I’ve gotten used to the Washington Post stereotyping Takoma Park with the same old sorry phrases article after article: “hippie,” “aging hippies,” “granola,” “Birkenstock,” “vegetarian,” “nuclear free”…blah, blah, blah. I expected more from Washington City Paper until I read Brett Anderson’s review of Mark’s Kitchen (Young and Hungry, 5/3). The article is so snide, so smug, so self-absorbed (OK, I’m a hypocrite: I’ll stereotype), so twentysomething in its prose and woefully inaccurate in its general sense of the city that damn, it could have been written for the Post. The writer spends much space in this food review writing about his feelings about food, his previous diet, and his girlfriend, who laughs at the cute way he uses chopsticks. I don’t even care if he pans the food; I just want him out of the bloody article for a few minutes. Who’s his editor?

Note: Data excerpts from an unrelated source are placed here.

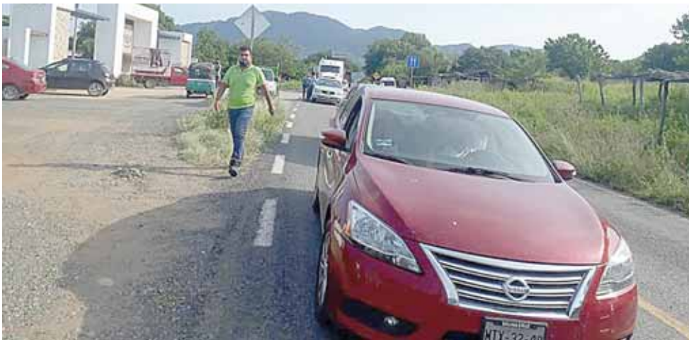
► Cientos de automovilistas se vieron afectados.
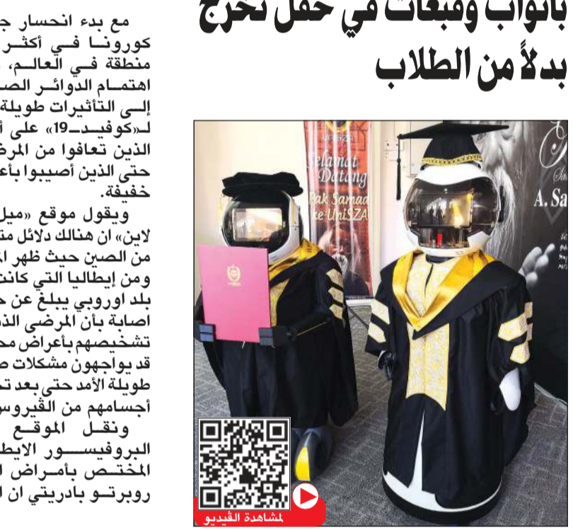
الروبوتان سباع ونسيم يتحضرن للحفل
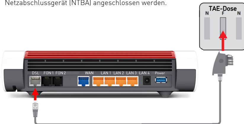
Verbindung mit dem DSL-Anschluss herstellen
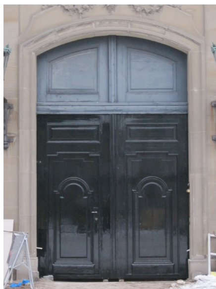
Denne linoliemalede port har fået 'en gang lak', eller nærmere 5-6, og er derved blevet blank, den oprindelige farve er kommet frem igen, og så er den også lettere at holde ren og pæn med den blanke, glatte overflade.

Lak er en klar væske, der i hærdet form giver en blank overflade, primært på træ. Lak anvendes fortrinsvis til indvendig brug, idet de fleste lakker er meget damptætte og derfor enten skal-

But let’s look at his take on the food. He says the soup and egg rolls taste store-bought. I find that hard to believe, since the whole city knows Mark is a fanatic for fresh foods. He spent months perfecting his tomato sauce before he added spaghetti to the menu. But anyway, say I’m gullible. If it tasted like Safeway, did Anderson ask? I think he’d tell us if he did.

So should Anderson be reviewing restaurants at all? He brags that he used to live on “fried rice, frozen pizza, and baked potatoes.” What if all Anderson’s palate recognizes is Safeway? I expect food critics to know more about food than I do; otherwise, who cares what they find appetizing? To be fair, in one description of Mark’s, Anderson is accurate, clever, and funny. He worries that his waitress will “spank him” for breaking a restaurant rule, so he asks for his ice cream “to go.” It’s true that one waitress in particular, Tricia, keeps a tight rein on the behavior/eating habits of her customers, but it’s never obnoxious. (I once had breakfast with a T.P. city councilmember who had to make sure Tricia was off before he ordered bacon with his eggs.)

Finally, Anderson ends with this stupid thing about taking ice cream into Taliano’s and getting hassled while he tries to drink a beer in peace. Now, why should I trust the judgment of anyone who eats ice cream with beer? His parting words to Takoma Park, “I’m sick of this new age shit,” should leave me grateful that he didn’t mention aging hippies with gray ponytails slurping up the mandoo. But what exactly is “new age” about Mark’s Kitchen? The Holstein cows and Andy Warhol painting of Liz Taylor on the walls? The elderly residents of Takoma Towers or the African-Americans store-owners who eat there every day? The flyers announcing the city’s first Jazz Festival on May 11?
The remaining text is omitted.